Europe’s opportunity
Hauser knows his €100 billion fund proposal is a tall ask, with European governments sinking huge amounts of money into staving off a massive pandemic recession. “We really need a fund like this, but just because I suggest it, it doesn’t mean it’s going to happen tomorrow,” he said.
Nevertheless, Hauser foresees “a great opportunity for Europe”, as the world experiences a rapid, disorderly technological decoupling. With China and the US “at loggerheads” over technology, “we can be the honest go-between,” he said.

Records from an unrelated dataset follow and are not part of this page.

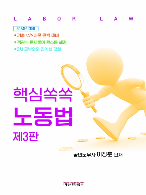 • 도서정보 01. 도서명: 이장훈 핵심쏙쏙 노동법(제3판) 02. 저자명: 이장훈 03. 출판일: 2024년 2월 2일 04. 판 수: 제3판 05. 페이지: 480P 06. 가 격: 31.000원 07. 판 형: 4*6배판 08. ISBN: 9788968211942 09. 출판사: 비앤엠북스
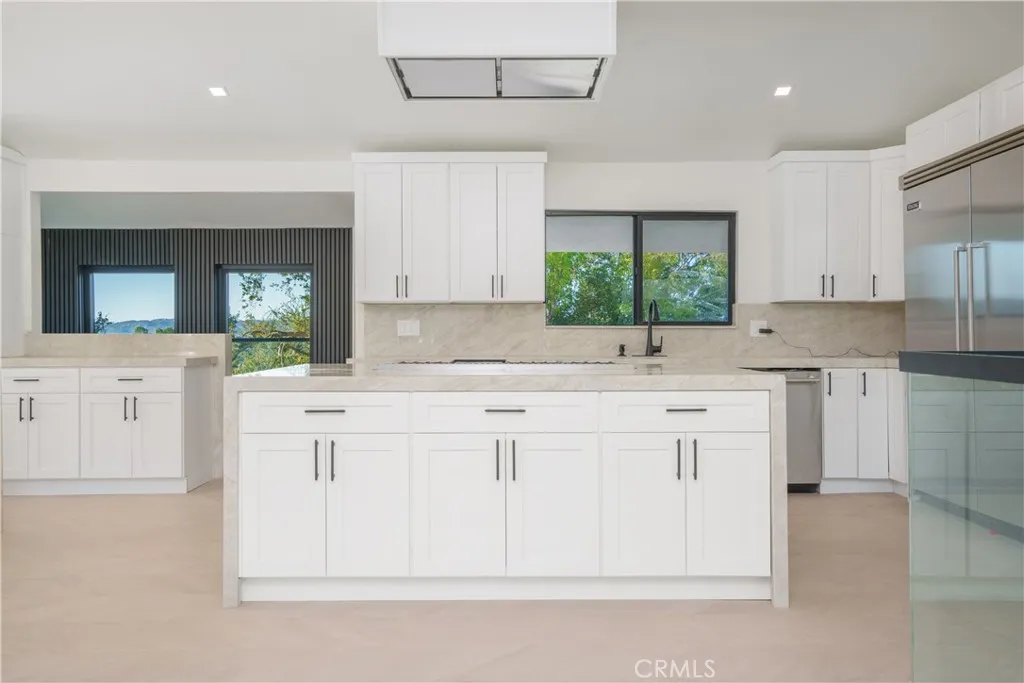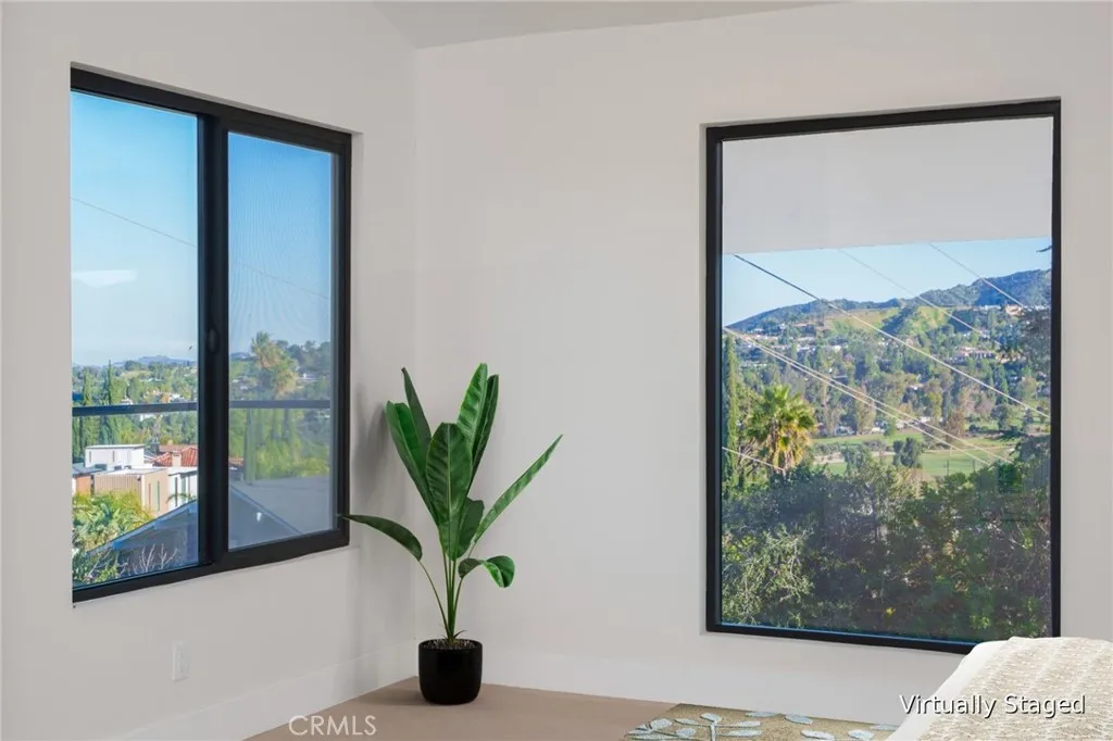 A Custom Estate home fully reimagined 3,320 sqft, set on an oversized secured flat lot, offering exceptional all new finishes. Enter through a new oversized custom pivot glass door onto 36x36 Pianetto porcelain tile, leading into the foyer. The home has been completely reimagined from wall to floors and ceilings, featuring all new finishes throughout. A newcustom glass staircase, connects the levels with elegance and safety. The main upstairs living level is the designed living room, dining area, and kitchen that is surrounded by incredible views. The bi-fold accordion door opens completely from the living room to the outdoor surrounded expansive balcony, creating an indoor-outdoor vibe under the open sky. This open-concept space is centered around a grand fireplace. New Herringbone-designed flooring are throughout the home, adding warmth and sophistication. All new led lighting thoughout. The all-new Master chefs kitchen has installed Professional Viking appliances, an extra-wide style refrigerator, dual ovens, a built-in microwave, and a Miele coffee station. Soft-closing cabinetry with oversized drawers, a barn-style accent sink, and a walk-in pantry, all topped with Taj Mahal countertops quartzite. An expanive master suite with a sitting area, an elegant quartz fireplace, a door to an outdoor balcony. The Primary bathroom is custom designed featuring dual vanities, a soaking tub, and a grand multi-jet rain shower. Luxurious tile finishes elevate the space, complemented by a smart toilet. A fully finished ex-large walk-in closet. Downstairs find 3 additional bedrooms new
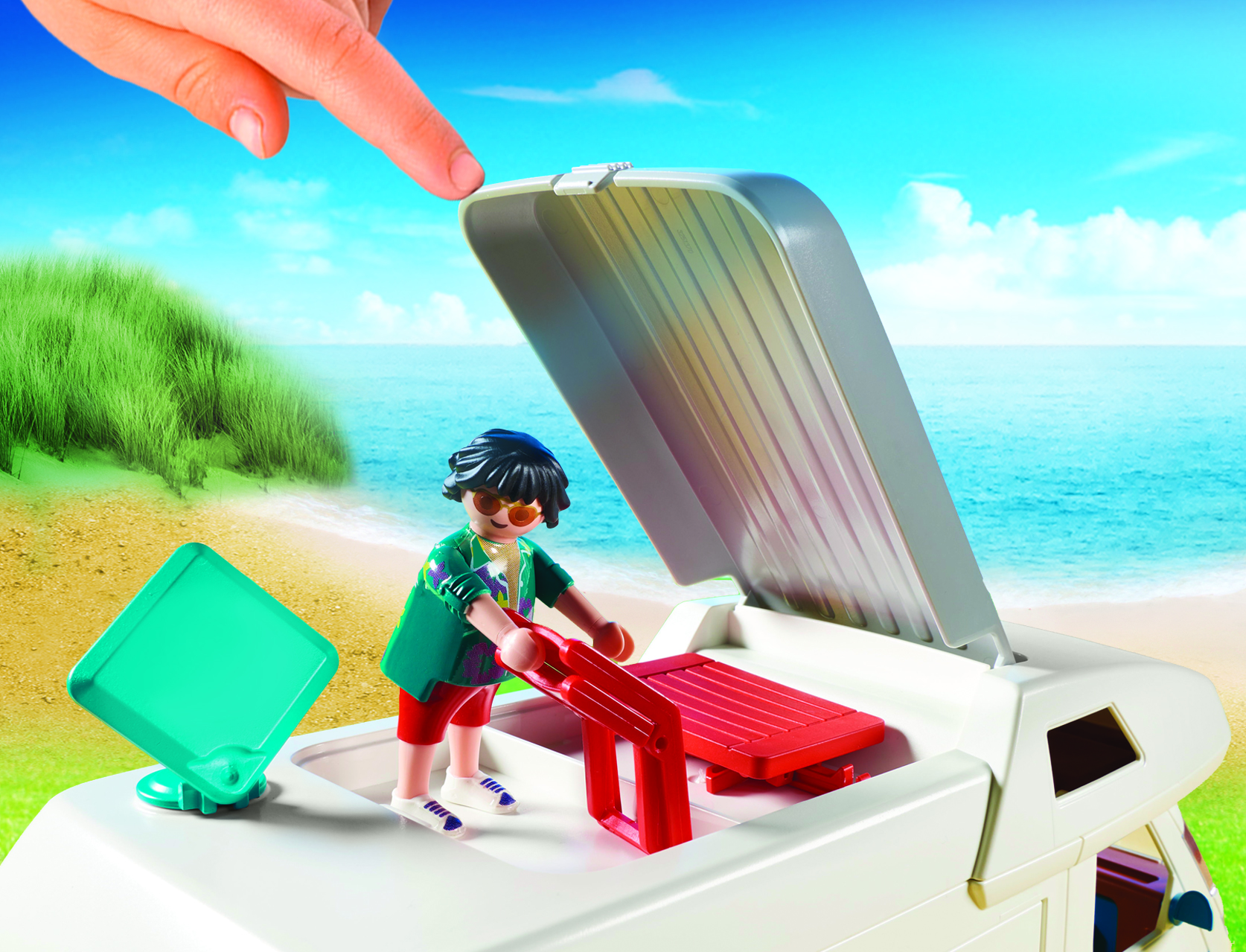 Contient 3 personnages (2 adultes et 1 enfant), 1 table et 4 chaises, 1 bloc d'alimentation électrique, 2 vélos et de nombreux accessoires (barbecue, couverts, aliments, anti-moustiques…)

While the money, power and influence of tech companies in the US and China is hard to match, Europe can make a better fist of the resources it has. When the fully-fledged EIC gets off the ground at the start of 2021, it will help to narrow the tech-funding gap between Europe and the rest of the world. The programme has a “pathfinder” stream to back truly new ideas, and an “accelerator” stream for more road-tested ones. It promises fast and simple grants, loans, and may take equity in some projects.

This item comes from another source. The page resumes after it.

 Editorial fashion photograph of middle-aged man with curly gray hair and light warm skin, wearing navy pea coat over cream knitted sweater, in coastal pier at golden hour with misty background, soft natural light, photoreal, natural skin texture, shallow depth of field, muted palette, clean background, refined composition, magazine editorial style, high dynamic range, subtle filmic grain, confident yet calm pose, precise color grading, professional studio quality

“A few facts are very encouraging to begin with: our university base is still outstanding. Our start-up ecosystem is healthy. In fact, we create more start-ups than they do in the US. But we have a scale-up problem,” he said.
Hauser says the EU is still behind Silicon Valley and the UK for nurturing tech-start-ups, but that cities like Berlin and Paris are showing “real hotspot promise”.
Personal mission
Hauser has been on his own personal tech sovereignty mission recently, fighting to bring ARM, the computer chip design company he co-founded, back into British ownership. ARM is, “one of our last great European technology companies,” Hauser said. “It’s national security and it’s national interest.”
The US graphics chips manufacturer Nvidia is lined up to acquire Cambridge-based ARM from its current owner, Japan’s Softbank in a $40 billion deal.
“There’s not a car, a plane, a train, that does not have some ARM in it,” said Hauser. The company also designed the microchips used in 90 per cent of the world’s smartphones. Hauser voted against Softbank acquiring ARM in 2016, but says he was happy that Cambridge remained the main location of ARM's research.
His concern now is that the company’s products will fall under US export regulations, giving the White House control over who can license ARM’s designs. At the same time, many of ARM’s clients compete with Nvidia, and would become dependent on a rival, he said.
“This is like the US running your water and your electricity. Would you really like to have to ask whether the president of the US is okay with turning your tap on?”
At a time of growing focus on the monopoly powers of companies, Hauser predicts that anti-trust agencies around the world will look at the arrangement and are likely to object to it. “The obvious alternative would be to take [ARM] public on the LSE [London Stock Exchange]; make it a UK company again. That would be wonderful.”
Editor’s Note: Hermann Hauser is a founding investor in Science|Business.